## WORK TASK
Report the number of lines in the data below where the string "реки" shows up, and only that number.

## EXTRACTED ENTRIES
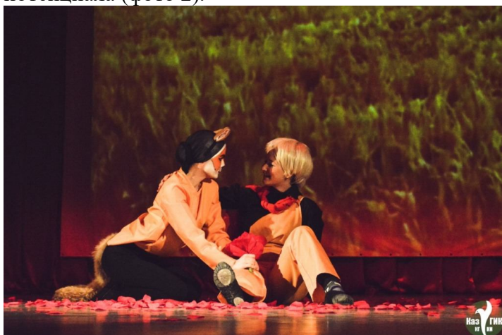
Фото 2. Сцена из спектакля участников фестиваля

Целью фестиваля является выявление и поддержка детских театральных коллективов, приобщение участников коллективов к театральному искусству, развитие их творческого потенциала (фото 2).
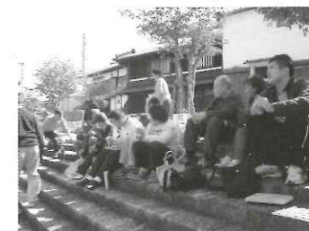
←八幡堀でお弁当を食べました。良い天気で気持ちよかったです。
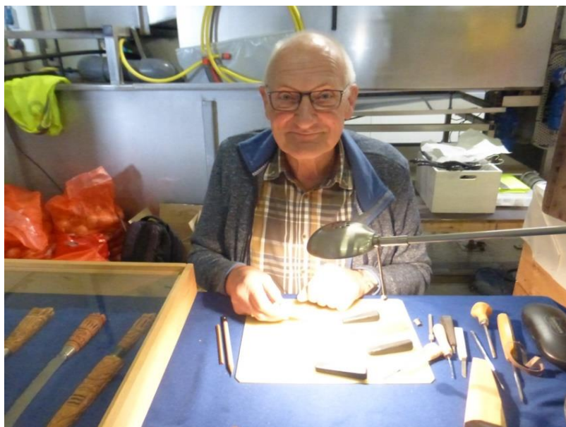
Bij dit verhaal foto's van de maker en zijn maakfels
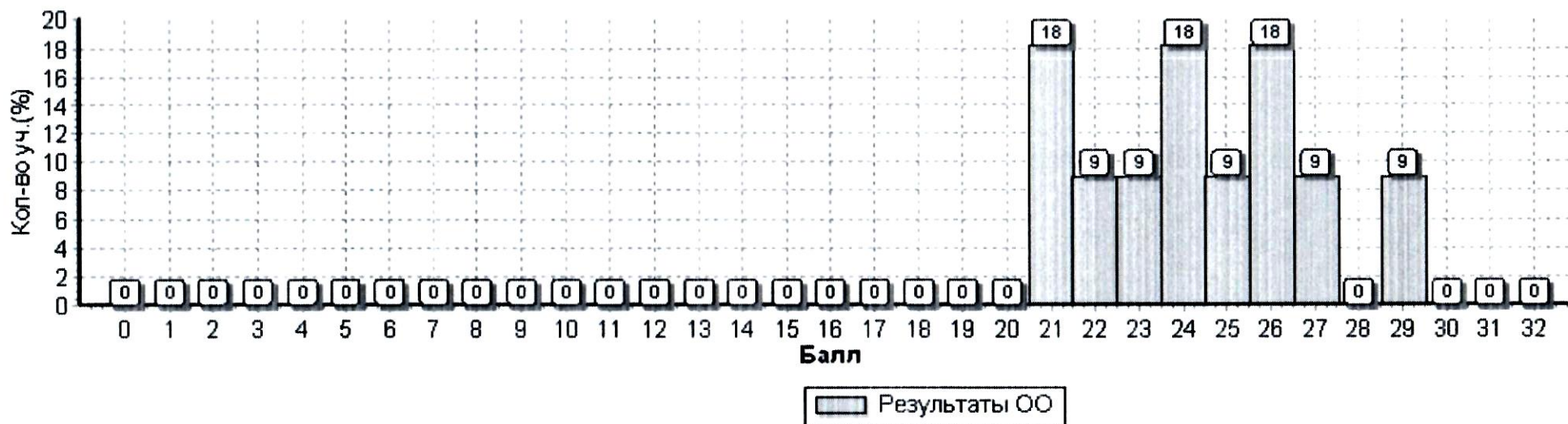
Общая гистограмма первичных баллов
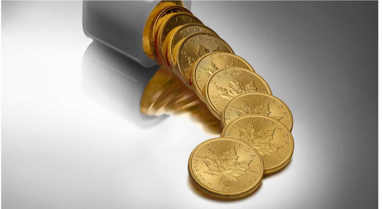
Pièces d'investissement Feuille d'érable en or (FEO)
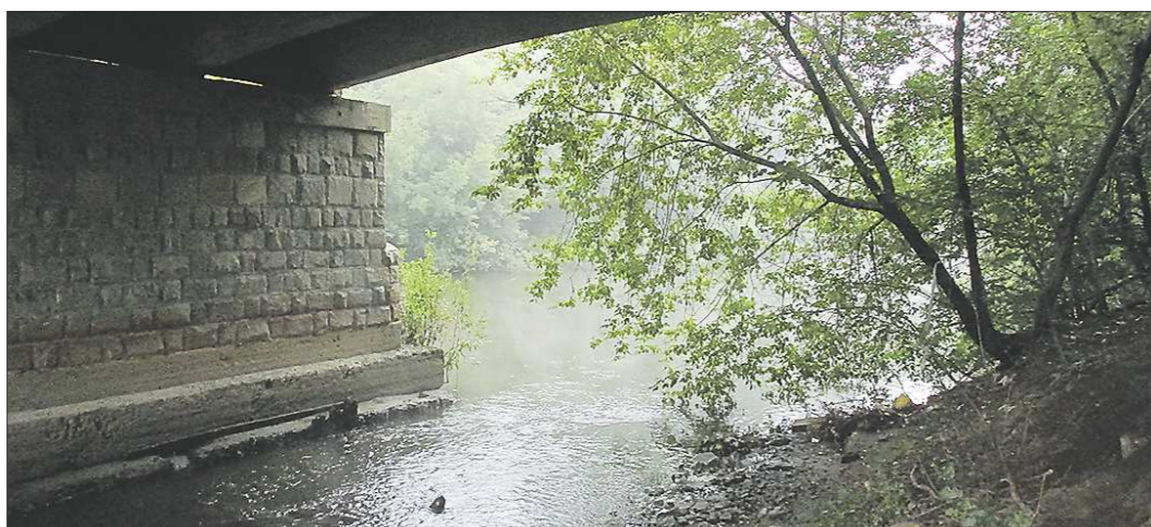
Больше всего от канализационных стоков достаётся Исети — сюда сливается основной объём вод. После реконструкции очистных можно надеяться на улучшение состояния реки

Очистные сооружения Екатеринбурга не очень-то справляются с очисткой канализационных стоков. 50 процентов проб, взятых в прошлом году, не соответствуют санитарным нормам. Вода, «обогащённая» продуктами хозяйственно-бытовой жизни целого города-миллионника, уходит в реки Исеть и Камышенку.
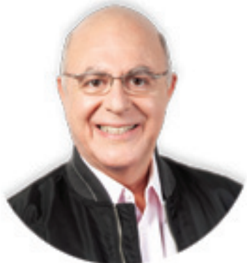
Arnaldo Jardim Deputado Federal PPS/SP

Av. Douglas Fogaça de Aguiar, 32 - Conj. Hab. Ulisses Guimarães - Jaboaticabal/SP
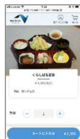
3. 数量を指定してご注文手続きへ
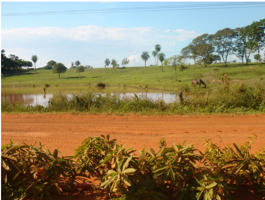
Camino de tierra
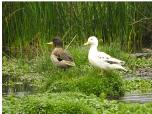
Figura 3. Individuo con Aberración INO, al lado de otro ejemplar con plumaje "normal". Cámara Nikon Coolpix P1000, con una apertura de f/8, tiempo de exposición de 1/500 segundos, ISO 400 y distancia focal de 539 mm

Se trata de la Aberración INO, y se basa en un único gen ligado al sexo en todas las especies y explicada como producto de una mutación recesiva que reduce la producción de eumelanina y phaeomelanina, pues por definición, presentan un plumaje muy pálido (casi blanco), que en los adultos se tornan más blanco debido al blanqueamiento por la luz solar, la herencia de Ino (tanto la forma clara como la oscura) es recesiva y ligada al sexo, por lo que solo se encontrarán hembras en estado silvestre. Sin embargo, la descendencia Ino siempre es hembra y los machos Ino solo pueden ser producto de una hembra con la mutación emparejada con un macho heterocigoto. La decoloración en los pigmentos de melanina, en donde la phaeomelanina es casi ausente y poco menos la eumelanina en el plumaje, los colores café oscuro se aclaran. Difiere del leucismo en que la base de las plumas mantiene su coloración original, debido a la exposición solar. Se recomienda el monitoreo continuo del individuo para registro de nueva muda y para evitar la confusión en la identificación (van Grouw, 2006; 2013; 2018; 2022; Sovrano et al. 2016; Rodríguez-Ruíz et al. 2017). (Fig. 3)
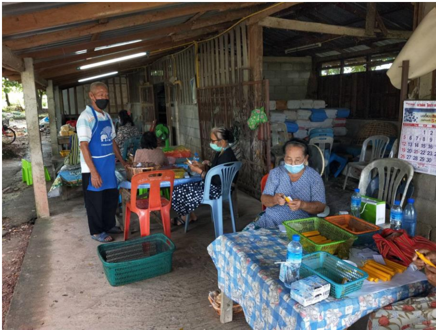
ใส่แผ่นยันต์สะเดาะเคราะห์ เสริมดวงชะตา ยึดตามแบบภูมิปัญญาที่สืบทอดกันมา
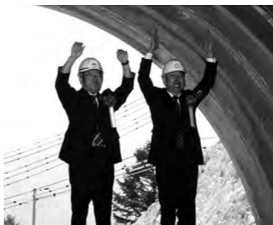
万歳で貫通を祝う沼田市長と千明村長

平成23年3月に着工した国道120号椎坂バイパスの「椎坂利根トンネル」(510m)が貫通し、5月31日にトンネル内で貫通式が行われました。

## EXERCISE SOLUTION
2